• [Aim of the task]:
Skip all pictures. Write out the data below from its first line through the line that contains "Bukiet 10kpl gwiazda".
★ ★ ★ ★ ★
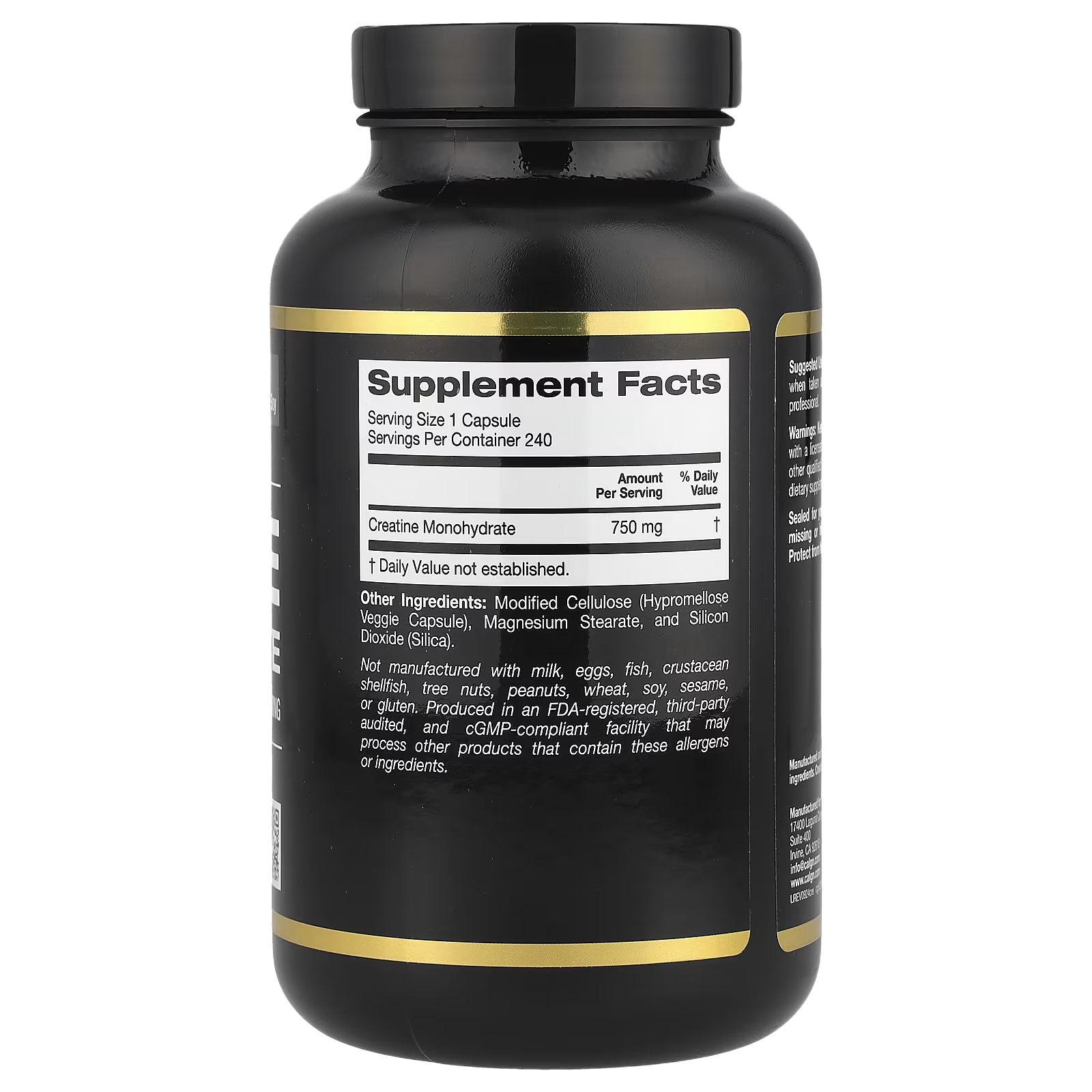 Not manufactured with milk, eggs, fish, crustacean shellfish, tree nuts, peanuts, wheat, soy, sesame, or gluten. Produced in an FDA-registered, third-party audited, and cGMP-compliant facility that may process other products that contain these allergens or ingredients.
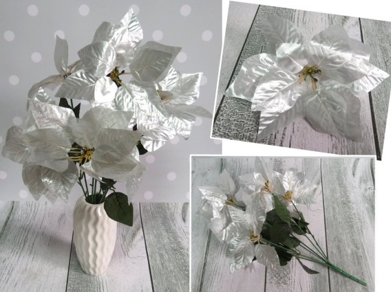 Bukiet 10kpl gwiazda bet. POINSECJA 50cm srebrna 7 kwiatów | GWA-17057-S
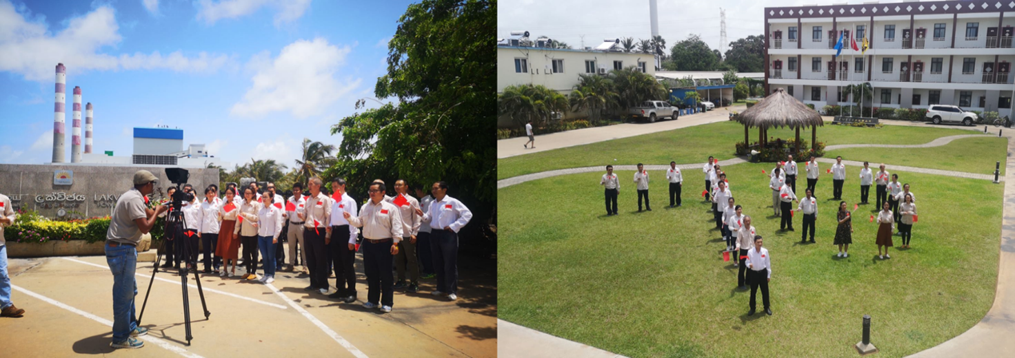 在电站大门前(左)及项目部营地内(右)拍摄庆祝新中国成立70周年祝福视频
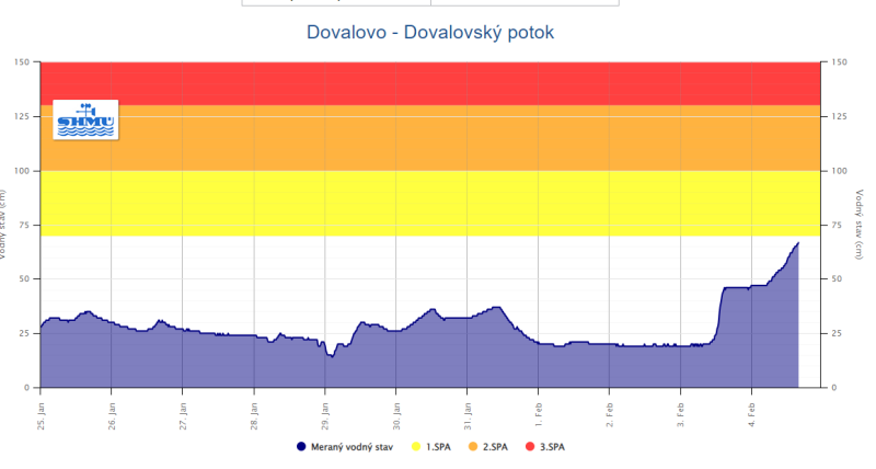 Na našom území začínajú rásť vodné toky k úrovni 1. povodňového stupňa. 1. SPA bude už čoskoro prekročený na Dovalovskom potoku, pri Liptovskom Hrádku, či na Bielom Váhu.
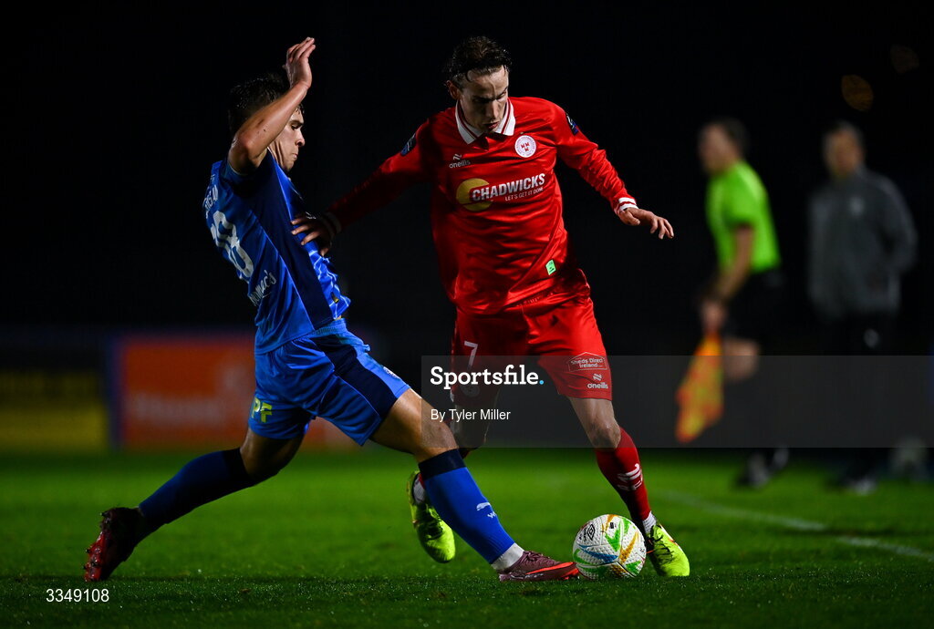 6 February 2026; Harry Wood of Shelbourne in action against Tommy Lonergan of Waterford during the SSE Airtricity Men's Premier Division match between Waterford and Shelbourne at the Regional Sports Centre in Waterford. Photo by Tyler Miller/Sportsfile
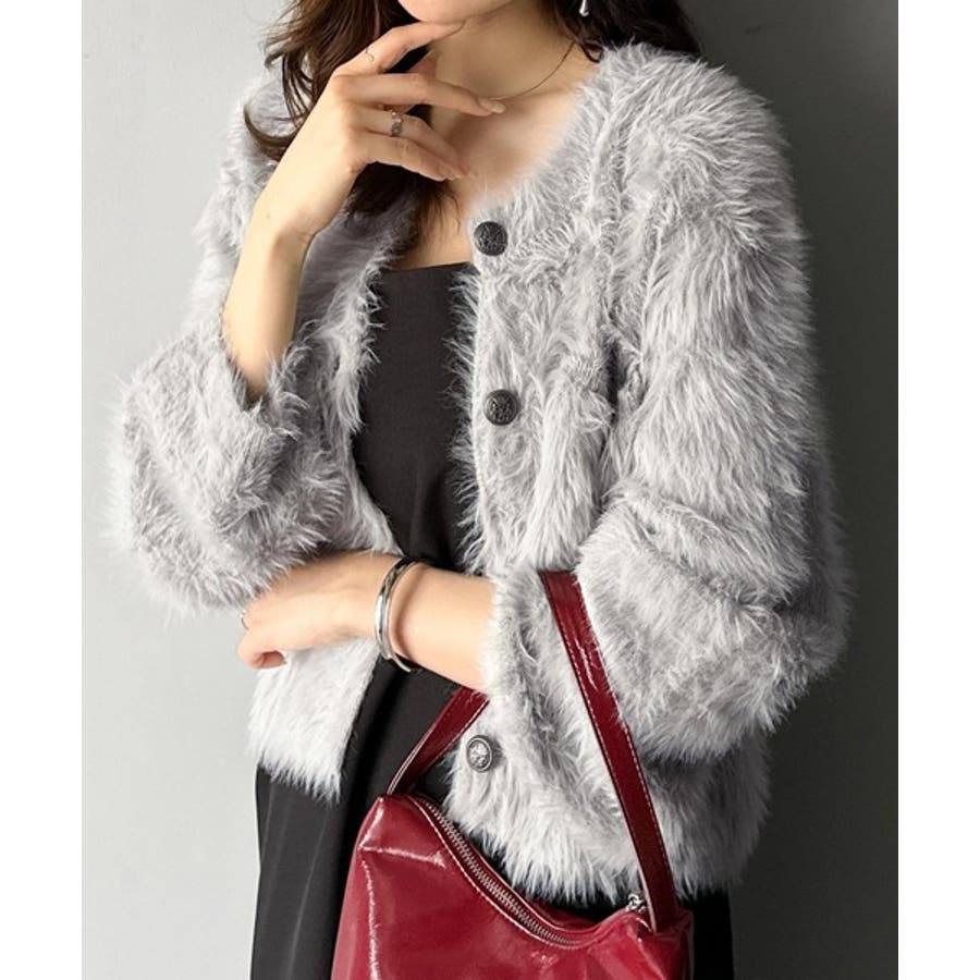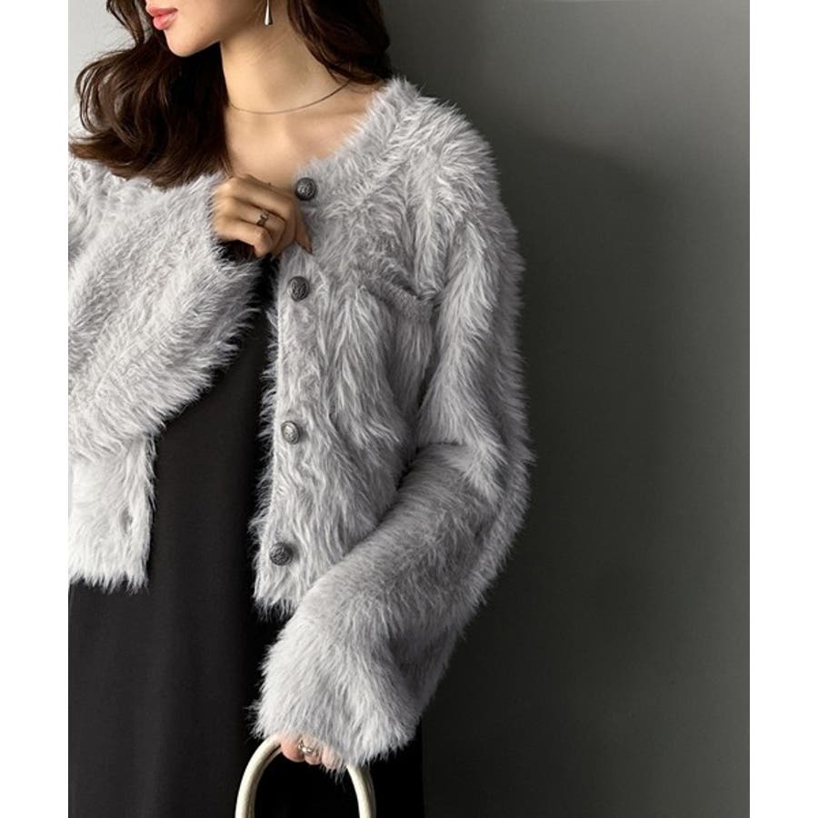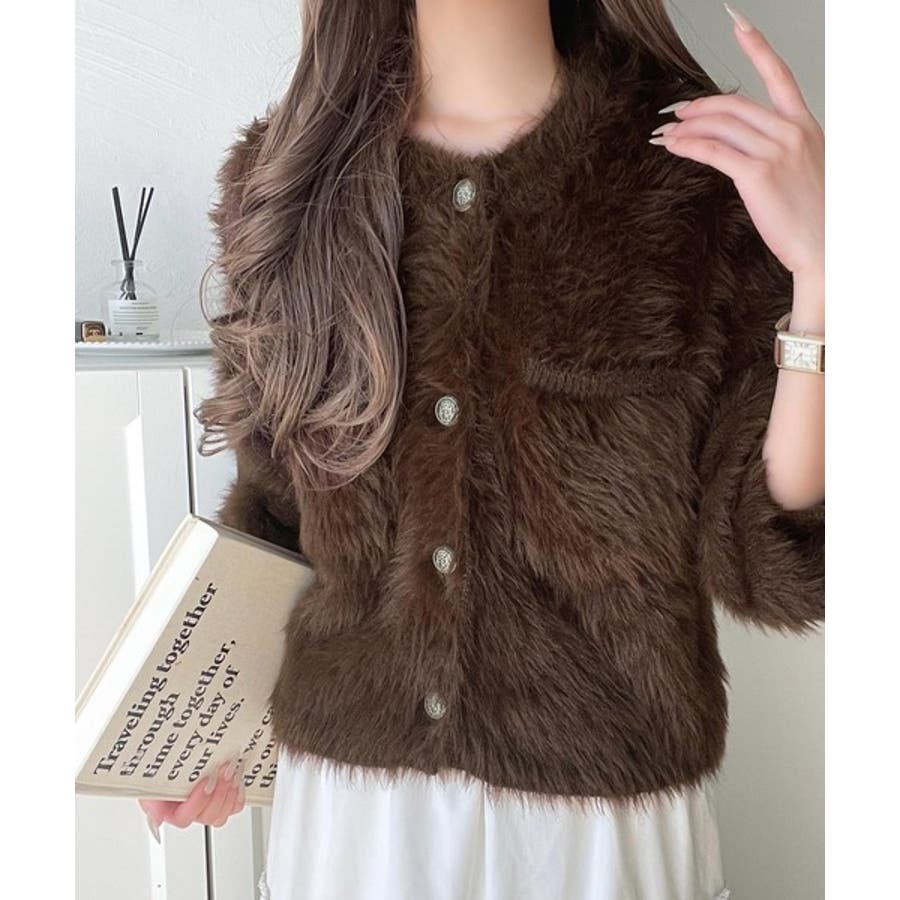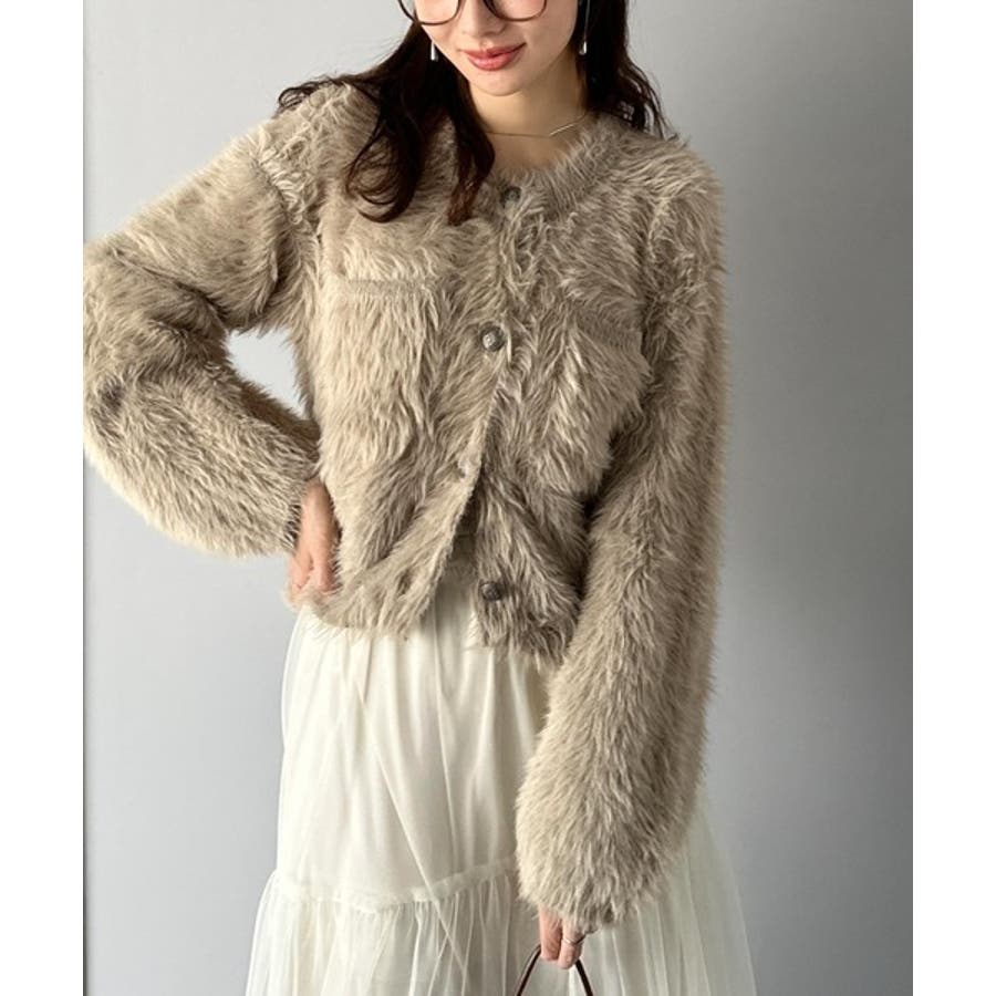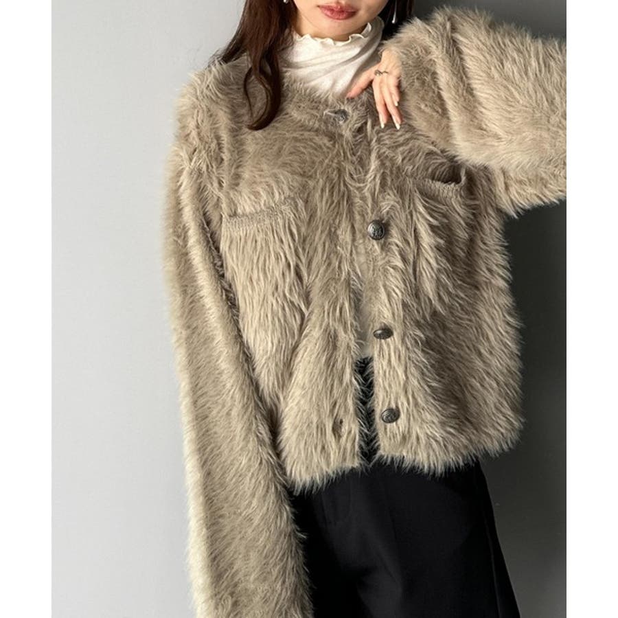 毛足の長いシャギーニットをたっぷり使用したクルーネックカーディガン。
★ ★ ★ ★ ★
• [Result of this exercise]:
 Not manufactured with milk, eggs, fish, crustacean shellfish, tree nuts, peanuts, wheat, soy, sesame, or gluten. Produced in an FDA-registered, third-party audited, and cGMP-compliant facility that may process other products that contain these allergens or ingredients.
 Bukiet 10kpl gwiazda bet. POINSECJA 50cm srebrna 7 kwiatów | GWA-17057-S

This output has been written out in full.